Below are some entries. Return exactly the lines from the one with "LIGHT GOLD PALAIS MIDI DRESS-DEVI" through the final line, leaving out any pictures.

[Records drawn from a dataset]
##############################

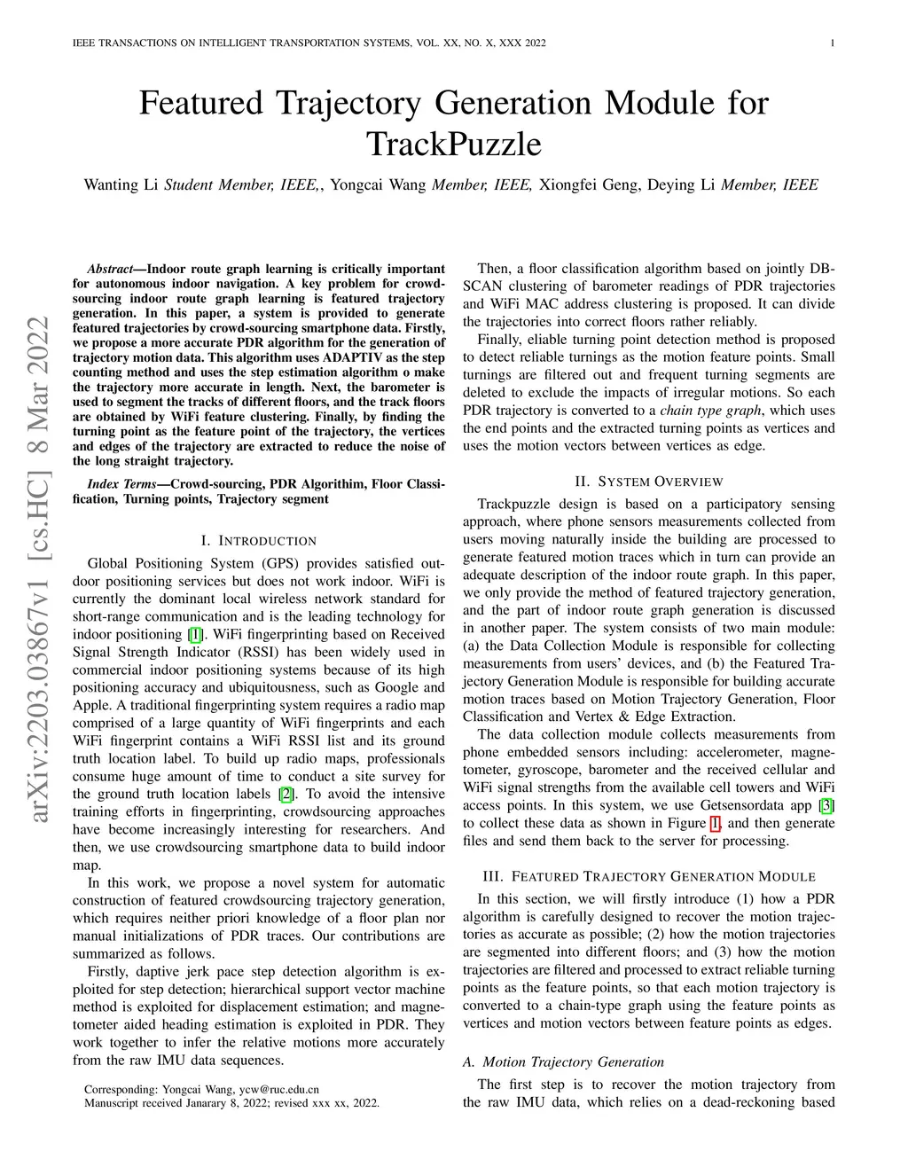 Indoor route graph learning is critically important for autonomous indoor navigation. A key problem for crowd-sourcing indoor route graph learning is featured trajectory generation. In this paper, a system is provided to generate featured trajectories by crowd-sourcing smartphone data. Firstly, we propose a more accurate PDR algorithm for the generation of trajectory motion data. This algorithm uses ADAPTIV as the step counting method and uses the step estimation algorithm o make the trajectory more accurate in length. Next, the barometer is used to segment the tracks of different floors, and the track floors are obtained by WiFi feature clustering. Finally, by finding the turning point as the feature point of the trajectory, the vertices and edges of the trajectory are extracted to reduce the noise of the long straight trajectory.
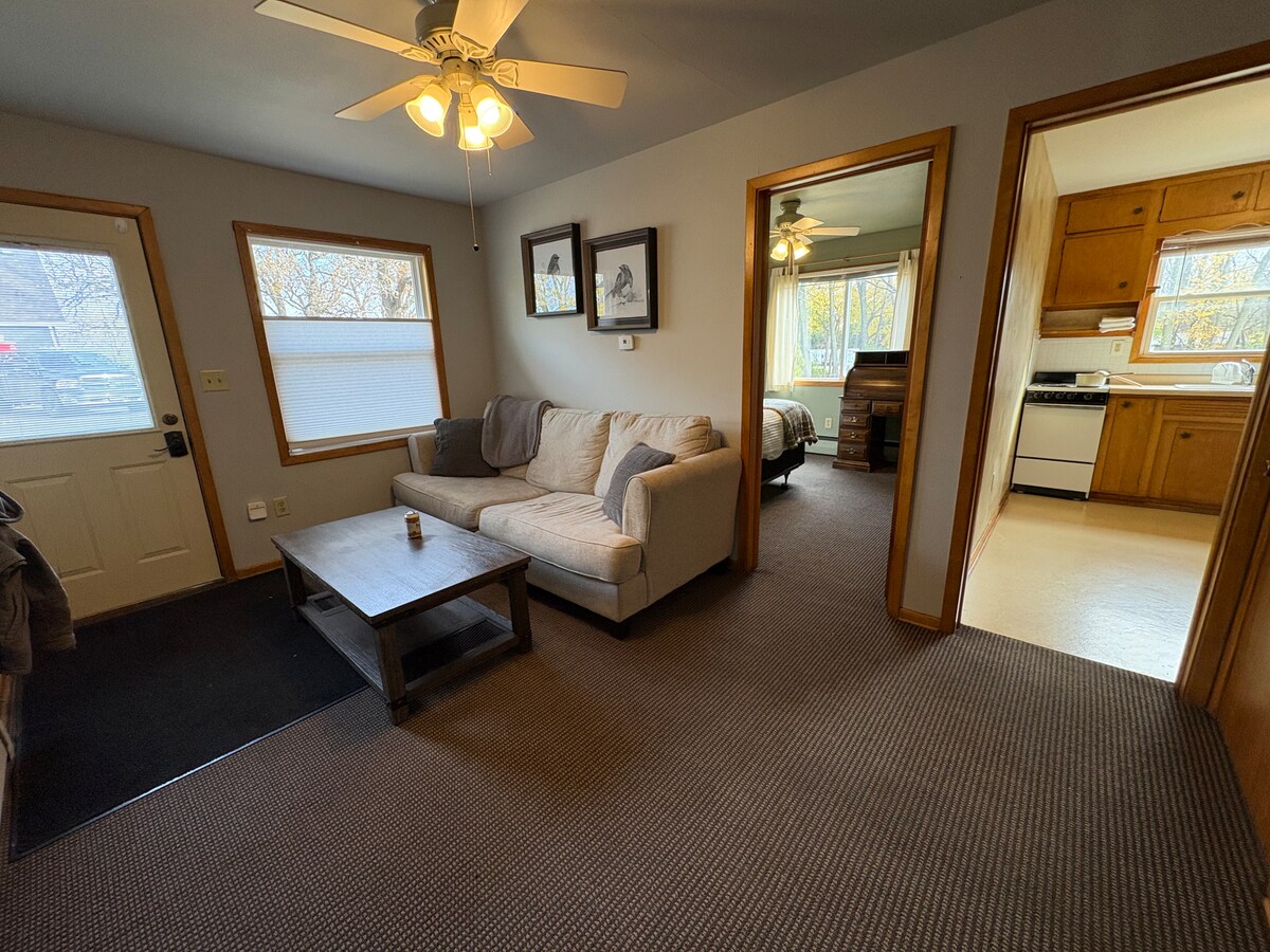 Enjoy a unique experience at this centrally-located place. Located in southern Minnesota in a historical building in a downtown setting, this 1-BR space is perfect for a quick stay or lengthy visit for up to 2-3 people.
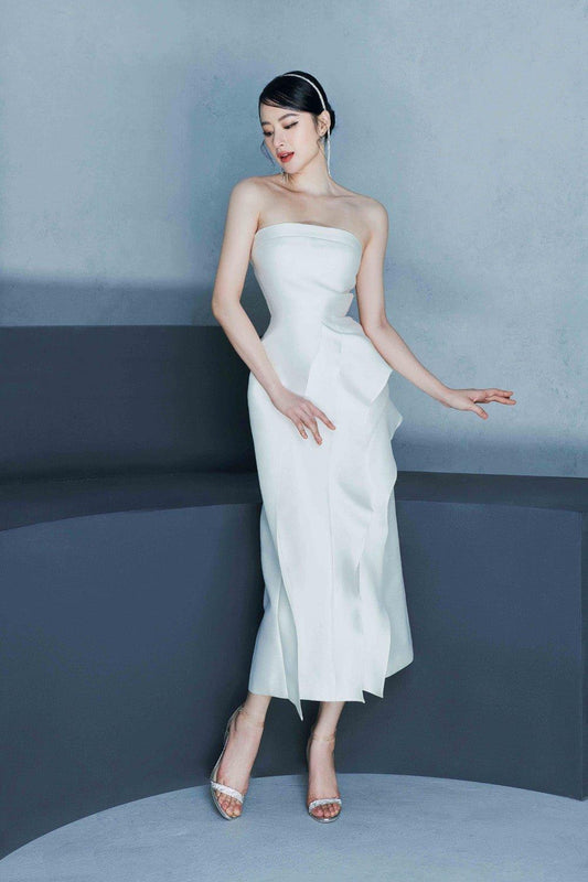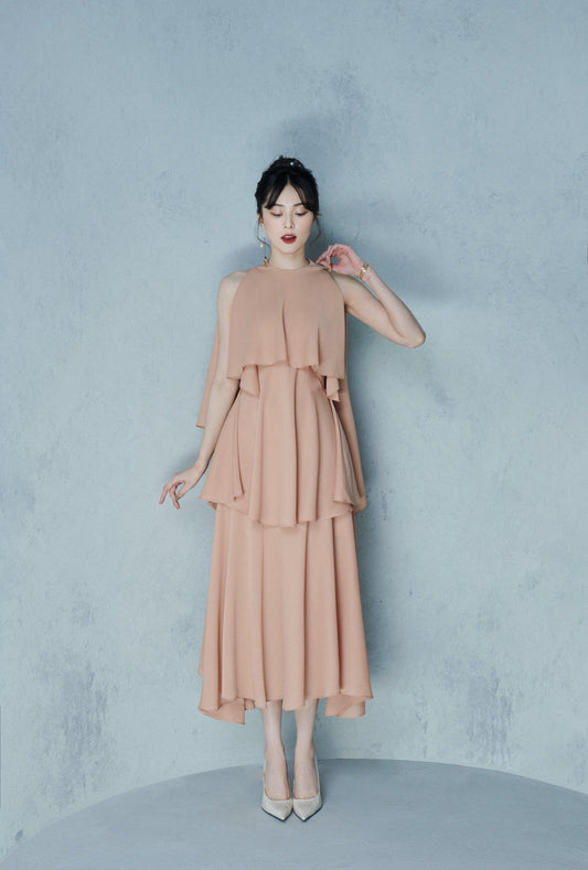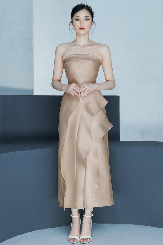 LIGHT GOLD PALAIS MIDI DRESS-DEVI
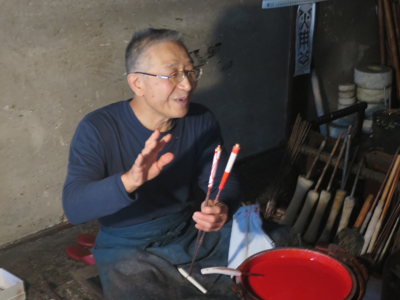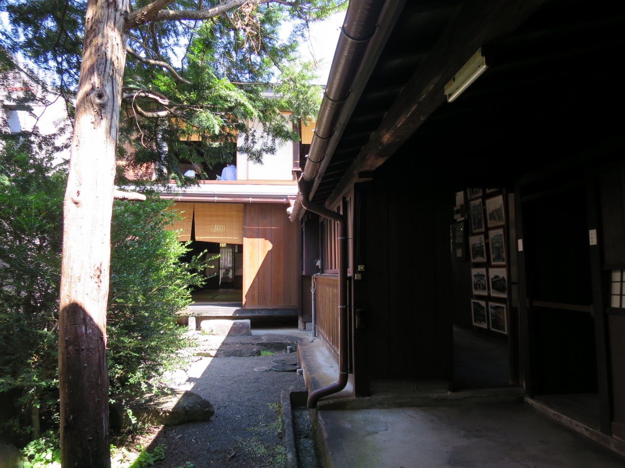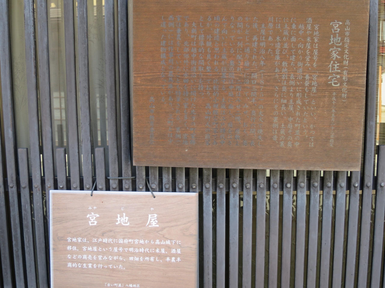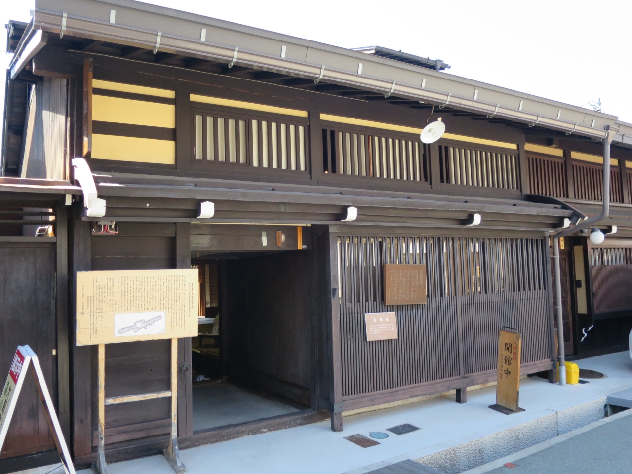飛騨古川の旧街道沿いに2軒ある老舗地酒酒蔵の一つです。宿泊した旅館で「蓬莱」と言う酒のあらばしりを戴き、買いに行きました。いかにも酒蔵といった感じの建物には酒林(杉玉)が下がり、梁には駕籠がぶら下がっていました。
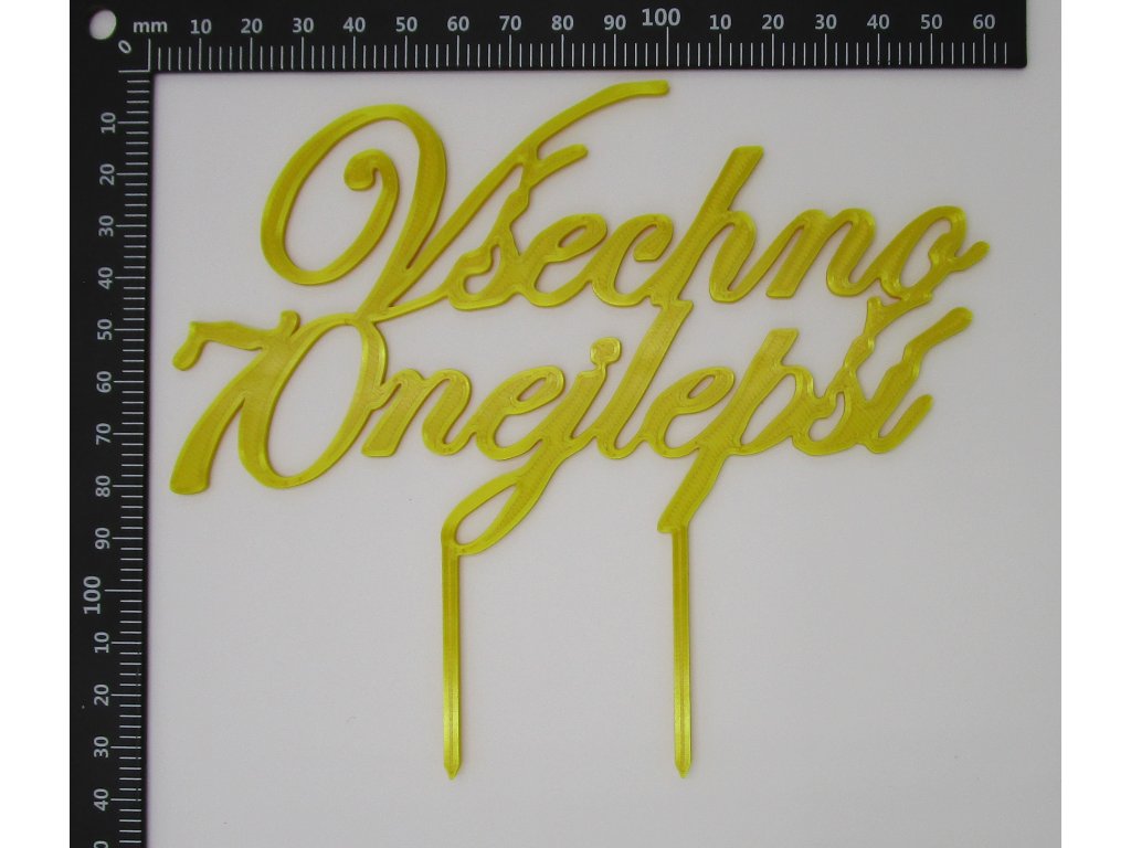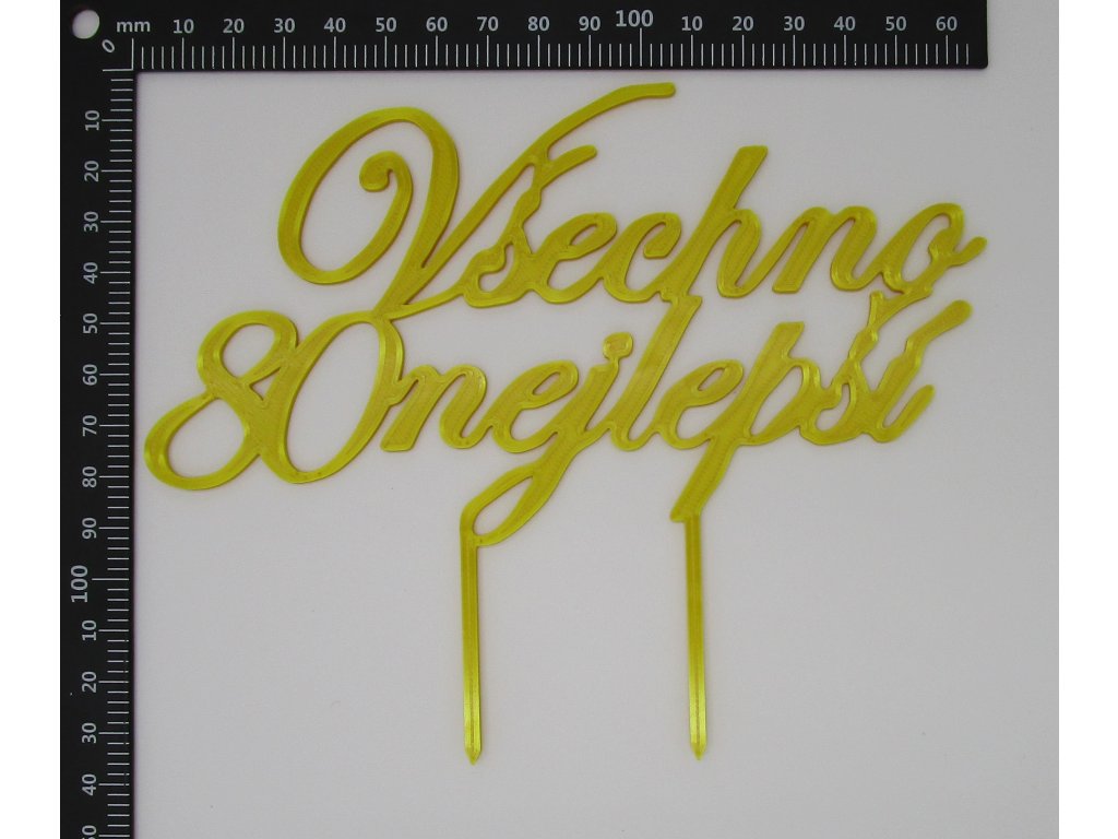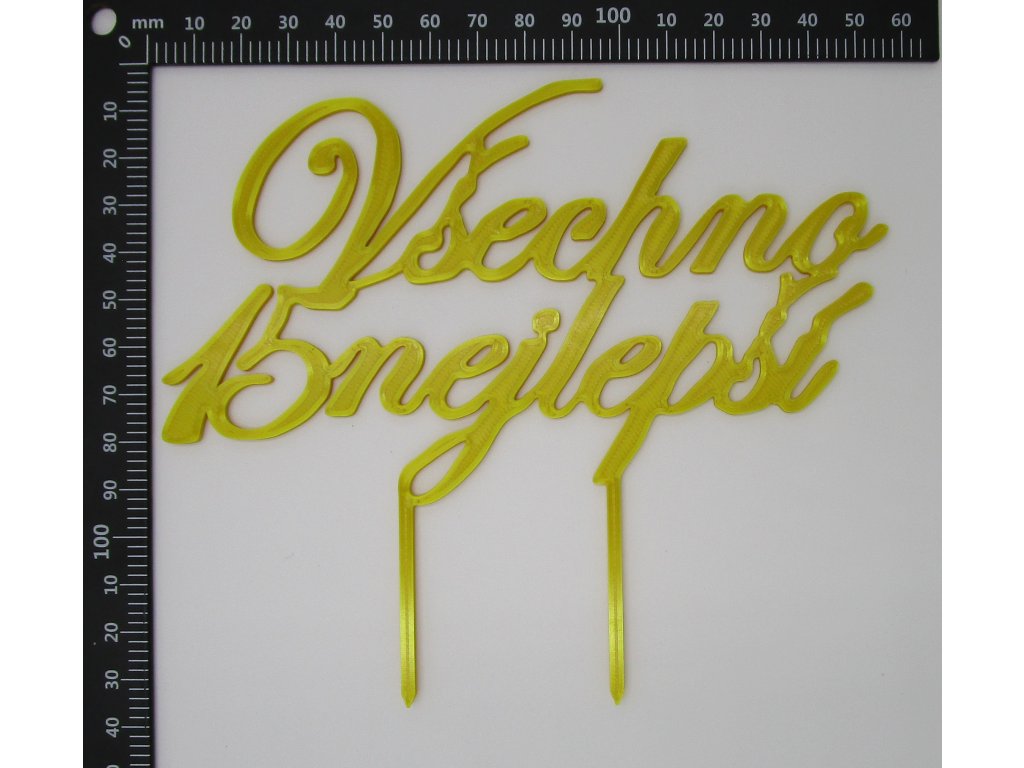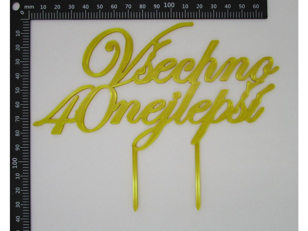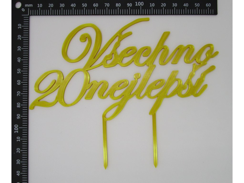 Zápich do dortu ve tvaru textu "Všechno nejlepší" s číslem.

##############################

[Solution to this task]
 LIGHT GOLD PALAIS MIDI DRESS-DEVI
飛騨古川の旧街道沿いに2軒ある老舗地酒酒蔵の一つです。宿泊した旅館で「蓬莱」と言う酒のあらばしりを戴き、買いに行きました。いかにも酒蔵といった感じの建物には酒林(杉玉)が下がり、梁には駕籠がぶら下がっていました。
 Zápich do dortu ve tvaru textu "Všechno nejlepší" s číslem.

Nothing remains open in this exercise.